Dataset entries
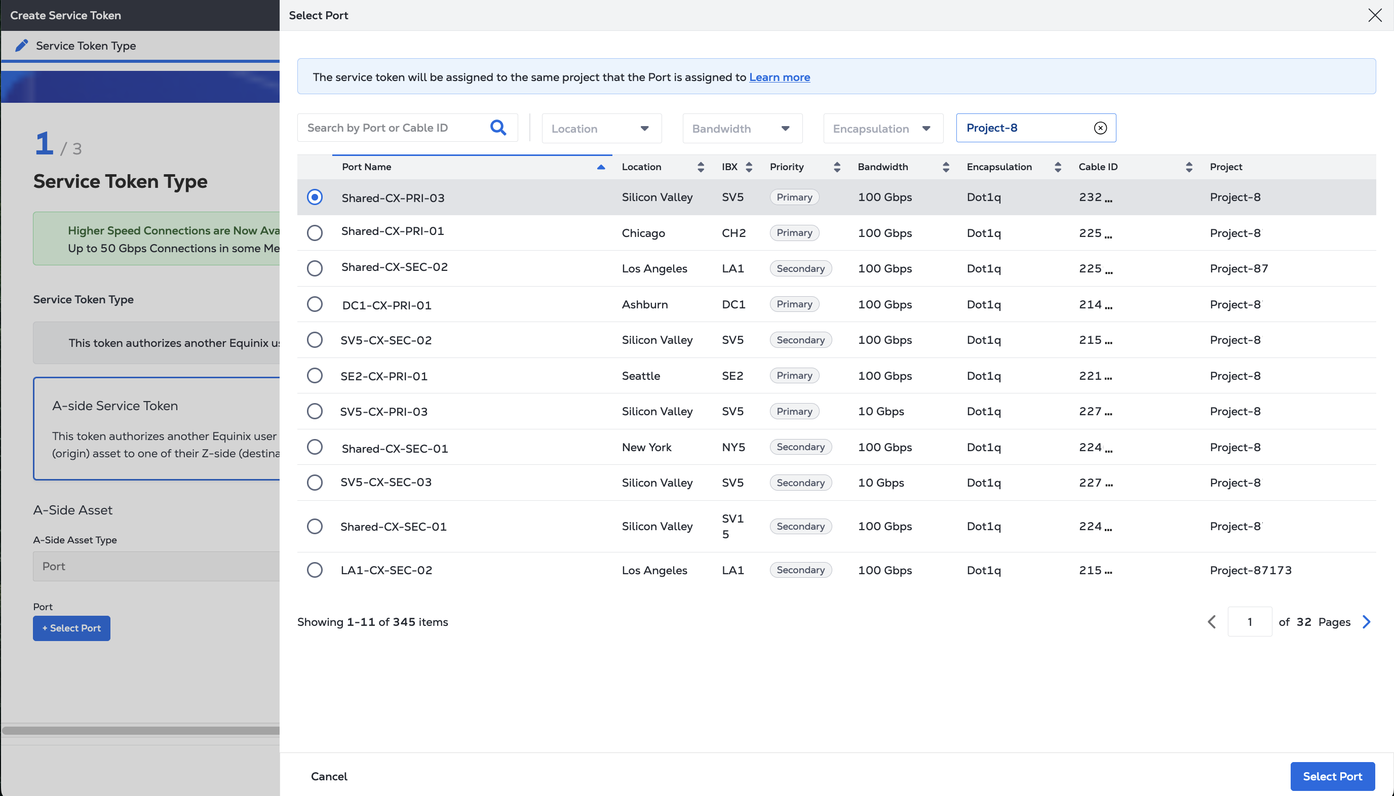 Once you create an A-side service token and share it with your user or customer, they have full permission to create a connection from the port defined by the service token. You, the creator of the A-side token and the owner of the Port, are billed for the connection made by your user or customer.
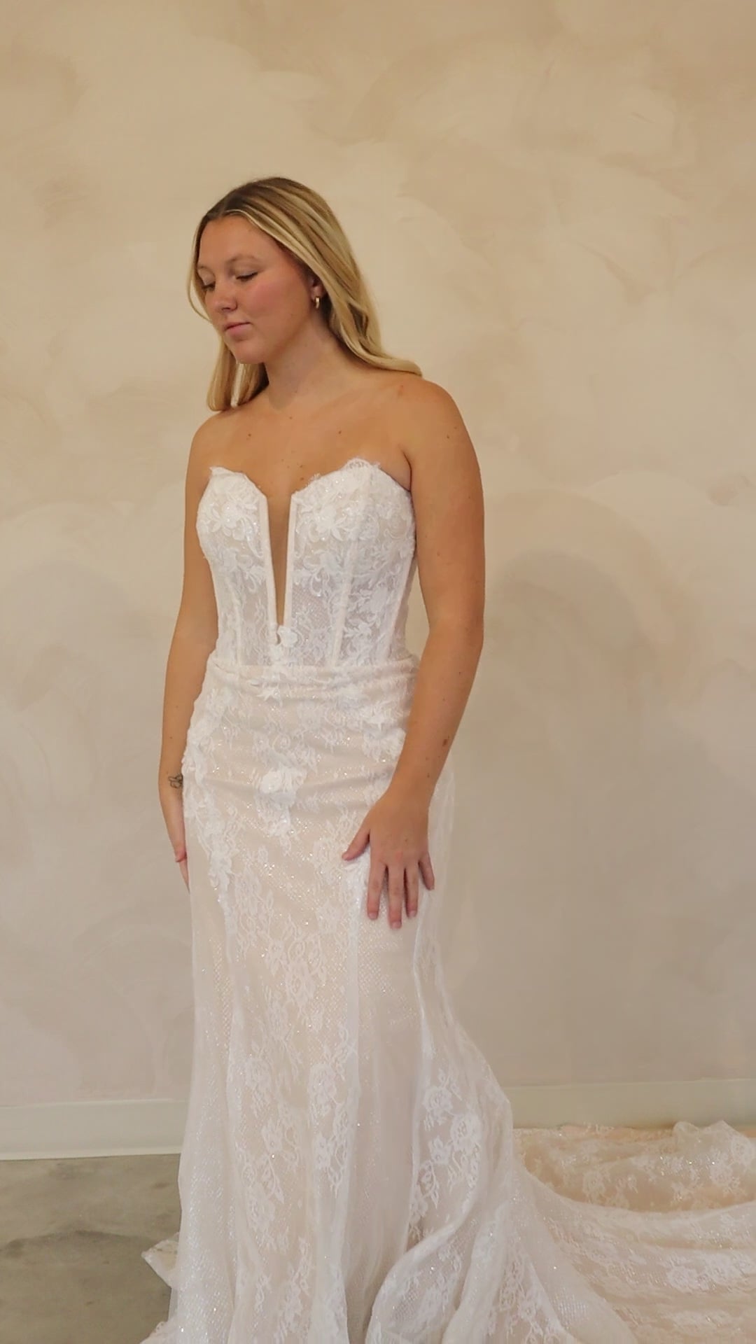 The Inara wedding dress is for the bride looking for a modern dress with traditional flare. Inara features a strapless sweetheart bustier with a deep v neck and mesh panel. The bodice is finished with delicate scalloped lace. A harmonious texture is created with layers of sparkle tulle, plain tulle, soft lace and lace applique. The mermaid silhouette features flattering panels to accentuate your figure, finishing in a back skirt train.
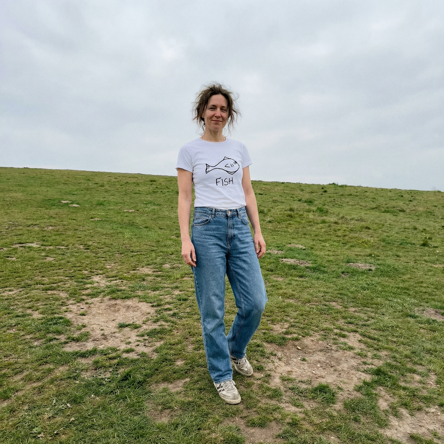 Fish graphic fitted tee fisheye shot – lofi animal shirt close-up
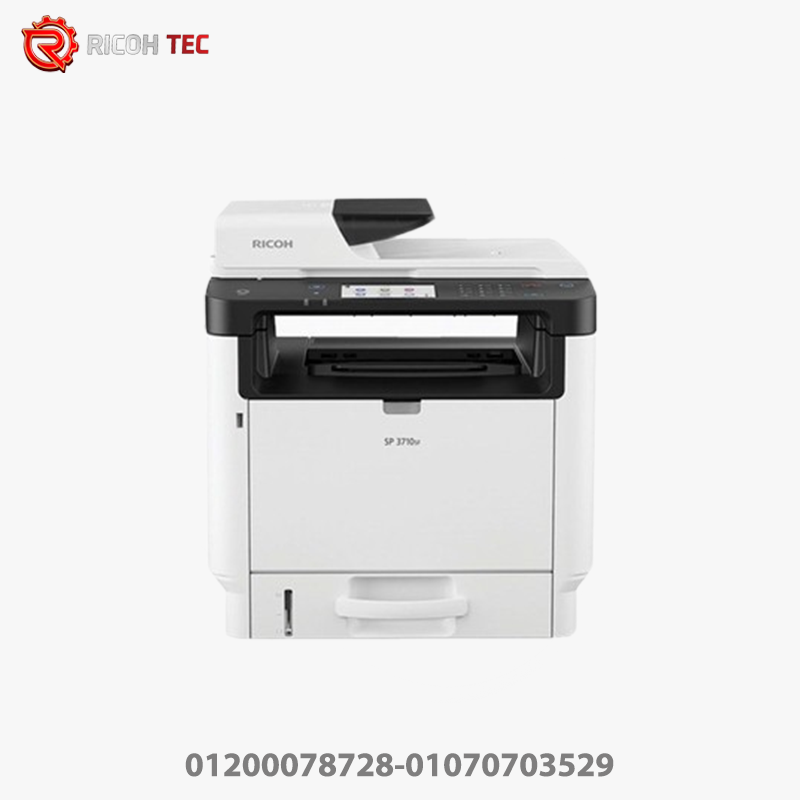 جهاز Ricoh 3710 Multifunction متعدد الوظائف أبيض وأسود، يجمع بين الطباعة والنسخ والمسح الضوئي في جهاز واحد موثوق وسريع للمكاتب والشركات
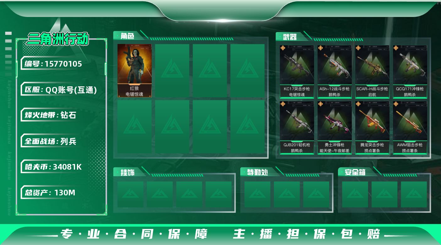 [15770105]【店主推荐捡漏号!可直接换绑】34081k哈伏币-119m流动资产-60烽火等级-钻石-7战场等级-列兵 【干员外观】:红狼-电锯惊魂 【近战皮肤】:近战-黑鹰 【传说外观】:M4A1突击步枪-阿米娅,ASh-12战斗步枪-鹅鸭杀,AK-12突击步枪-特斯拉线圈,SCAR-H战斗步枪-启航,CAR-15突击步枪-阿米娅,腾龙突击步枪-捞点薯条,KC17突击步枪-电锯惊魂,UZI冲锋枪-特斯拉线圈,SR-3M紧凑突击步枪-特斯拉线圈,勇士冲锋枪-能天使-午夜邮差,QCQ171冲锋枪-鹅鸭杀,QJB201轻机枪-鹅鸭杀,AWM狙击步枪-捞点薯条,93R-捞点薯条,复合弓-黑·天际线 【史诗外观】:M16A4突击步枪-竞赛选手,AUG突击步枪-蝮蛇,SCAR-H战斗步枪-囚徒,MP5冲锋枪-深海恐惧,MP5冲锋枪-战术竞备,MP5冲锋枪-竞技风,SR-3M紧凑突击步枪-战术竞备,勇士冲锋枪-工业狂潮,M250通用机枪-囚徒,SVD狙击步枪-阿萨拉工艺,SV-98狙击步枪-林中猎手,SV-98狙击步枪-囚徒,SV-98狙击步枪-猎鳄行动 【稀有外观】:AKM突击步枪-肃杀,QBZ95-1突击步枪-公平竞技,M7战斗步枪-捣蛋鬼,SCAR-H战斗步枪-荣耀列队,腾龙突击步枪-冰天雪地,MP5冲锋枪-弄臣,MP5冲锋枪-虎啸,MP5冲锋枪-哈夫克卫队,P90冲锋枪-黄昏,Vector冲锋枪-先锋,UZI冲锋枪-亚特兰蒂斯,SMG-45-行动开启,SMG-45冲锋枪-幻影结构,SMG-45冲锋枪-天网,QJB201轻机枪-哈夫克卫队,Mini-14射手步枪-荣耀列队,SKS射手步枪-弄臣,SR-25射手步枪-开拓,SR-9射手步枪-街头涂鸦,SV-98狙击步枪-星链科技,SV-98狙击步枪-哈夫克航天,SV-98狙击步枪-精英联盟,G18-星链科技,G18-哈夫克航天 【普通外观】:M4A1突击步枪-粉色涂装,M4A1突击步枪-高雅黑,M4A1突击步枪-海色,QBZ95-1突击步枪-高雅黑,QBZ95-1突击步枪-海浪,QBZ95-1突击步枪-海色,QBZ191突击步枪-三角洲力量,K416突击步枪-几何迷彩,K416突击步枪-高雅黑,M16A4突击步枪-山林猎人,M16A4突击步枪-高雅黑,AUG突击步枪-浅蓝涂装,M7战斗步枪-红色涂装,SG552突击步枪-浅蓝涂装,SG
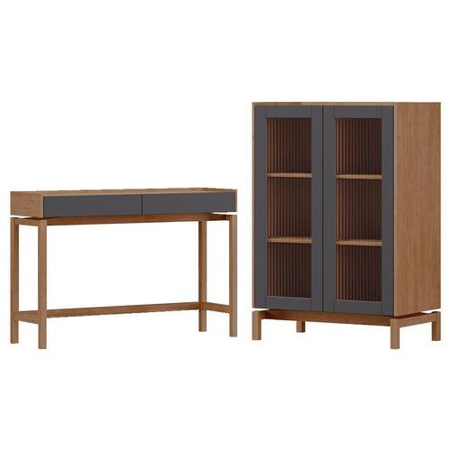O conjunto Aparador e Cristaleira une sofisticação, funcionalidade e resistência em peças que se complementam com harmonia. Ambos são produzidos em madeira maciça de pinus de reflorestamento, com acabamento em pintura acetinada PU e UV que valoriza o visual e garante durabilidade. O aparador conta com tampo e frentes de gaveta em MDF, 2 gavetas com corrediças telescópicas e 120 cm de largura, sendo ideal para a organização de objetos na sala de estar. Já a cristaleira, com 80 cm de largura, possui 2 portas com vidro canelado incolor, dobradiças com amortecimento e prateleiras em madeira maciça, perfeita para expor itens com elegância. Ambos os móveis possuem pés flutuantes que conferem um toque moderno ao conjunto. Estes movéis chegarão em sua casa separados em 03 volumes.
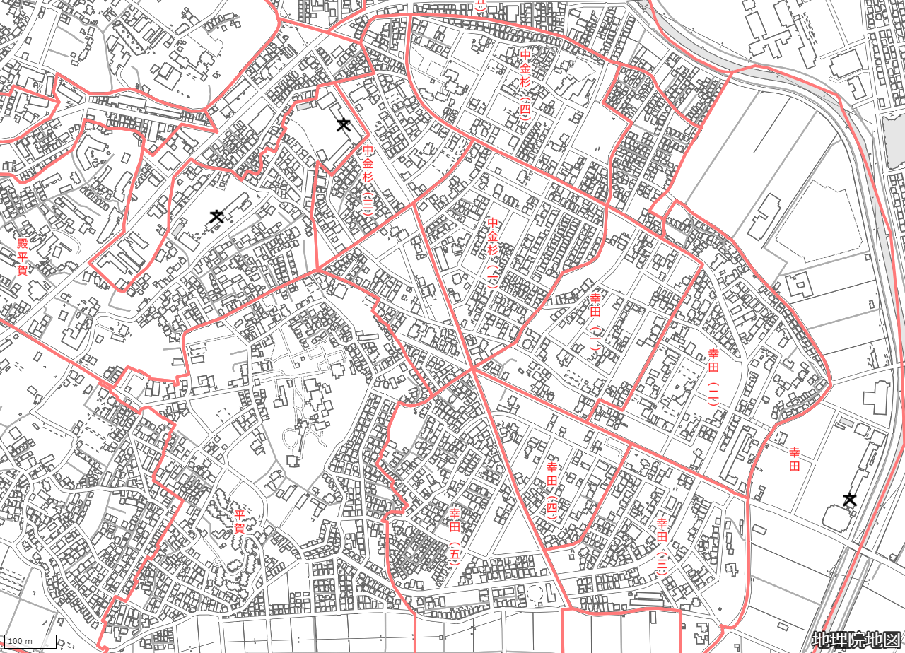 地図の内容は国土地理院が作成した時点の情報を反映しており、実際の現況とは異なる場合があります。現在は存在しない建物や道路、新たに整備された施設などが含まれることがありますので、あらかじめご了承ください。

_Directions for this task:_
The entries above must be output exactly, with every image left out.

_Answer for this exercise:_
 Once you create an A-side service token and share it with your user or customer, they have full permission to create a connection from the port defined by the service token. You, the creator of the A-side token and the owner of the Port, are billed for the connection made by your user or customer.
 The Inara wedding dress is for the bride looking for a modern dress with traditional flare. Inara features a strapless sweetheart bustier with a deep v neck and mesh panel. The bodice is finished with delicate scalloped lace. A harmonious texture is created with layers of sparkle tulle, plain tulle, soft lace and lace applique. The mermaid silhouette features flattering panels to accentuate your figure, finishing in a back skirt train.
 Fish graphic fitted tee fisheye shot – lofi animal shirt close-up
 جهاز Ricoh 3710 Multifunction متعدد الوظائف أبيض وأسود، يجمع بين الطباعة والنسخ والمسح الضوئي في جهاز واحد موثوق وسريع للمكاتب والشركات
 [15770105]【店主推荐捡漏号!可直接换绑】34081k哈伏币-119m流动资产-60烽火等级-钻石-7战场等级-列兵 【干员外观】:红狼-电锯惊魂 【近战皮肤】:近战-黑鹰 【传说外观】:M4A1突击步枪-阿米娅,ASh-12战斗步枪-鹅鸭杀,AK-12突击步枪-特斯拉线圈,SCAR-H战斗步枪-启航,CAR-15突击步枪-阿米娅,腾龙突击步枪-捞点薯条,KC17突击步枪-电锯惊魂,UZI冲锋枪-特斯拉线圈,SR-3M紧凑突击步枪-特斯拉线圈,勇士冲锋枪-能天使-午夜邮差,QCQ171冲锋枪-鹅鸭杀,QJB201轻机枪-鹅鸭杀,AWM狙击步枪-捞点薯条,93R-捞点薯条,复合弓-黑·天际线 【史诗外观】:M16A4突击步枪-竞赛选手,AUG突击步枪-蝮蛇,SCAR-H战斗步枪-囚徒,MP5冲锋枪-深海恐惧,MP5冲锋枪-战术竞备,MP5冲锋枪-竞技风,SR-3M紧凑突击步枪-战术竞备,勇士冲锋枪-工业狂潮,M250通用机枪-囚徒,SVD狙击步枪-阿萨拉工艺,SV-98狙击步枪-林中猎手,SV-98狙击步枪-囚徒,SV-98狙击步枪-猎鳄行动 【稀有外观】:AKM突击步枪-肃杀,QBZ95-1突击步枪-公平竞技,M7战斗步枪-捣蛋鬼,SCAR-H战斗步枪-荣耀列队,腾龙突击步枪-冰天雪地,MP5冲锋枪-弄臣,MP5冲锋枪-虎啸,MP5冲锋枪-哈夫克卫队,P90冲锋枪-黄昏,Vector冲锋枪-先锋,UZI冲锋枪-亚特兰蒂斯,SMG-45-行动开启,SMG-45冲锋枪-幻影结构,SMG-45冲锋枪-天网,QJB201轻机枪-哈夫克卫队,Mini-14射手步枪-荣耀列队,SKS射手步枪-弄臣,SR-25射手步枪-开拓,SR-9射手步枪-街头涂鸦,SV-98狙击步枪-星链科技,SV-98狙击步枪-哈夫克航天,SV-98狙击步枪-精英联盟,G18-星链科技,G18-哈夫克航天 【普通外观】:M4A1突击步枪-粉色涂装,M4A1突击步枪-高雅黑,M4A1突击步枪-海色,QBZ95-1突击步枪-高雅黑,QBZ95-1突击步枪-海浪,QBZ95-1突击步枪-海色,QBZ191突击步枪-三角洲力量,K416突击步枪-几何迷彩,K416突击步枪-高雅黑,M16A4突击步枪-山林猎人,M16A4突击步枪-高雅黑,AUG突击步枪-浅蓝涂装,M7战斗步枪-红色涂装,SG552突击步枪-浅蓝涂装,SG
O conjunto Aparador e Cristaleira une sofisticação, funcionalidade e resistência em peças que se complementam com harmonia. Ambos são produzidos em madeira maciça de pinus de reflorestamento, com acabamento em pintura acetinada PU e UV que valoriza o visual e garante durabilidade. O aparador conta com tampo e frentes de gaveta em MDF, 2 gavetas com corrediças telescópicas e 120 cm de largura, sendo ideal para a organização de objetos na sala de estar. Já a cristaleira, com 80 cm de largura, possui 2 portas com vidro canelado incolor, dobradiças com amortecimento e prateleiras em madeira maciça, perfeita para expor itens com elegância. Ambos os móveis possuem pés flutuantes que conferem um toque moderno ao conjunto. Estes movéis chegarão em sua casa separados em 03 volumes.
 地図の内容は国土地理院が作成した時点の情報を反映しており、実際の現況とは異なる場合があります。現在は存在しない建物や道路、新たに整備された施設などが含まれることがありますので、あらかじめご了承ください。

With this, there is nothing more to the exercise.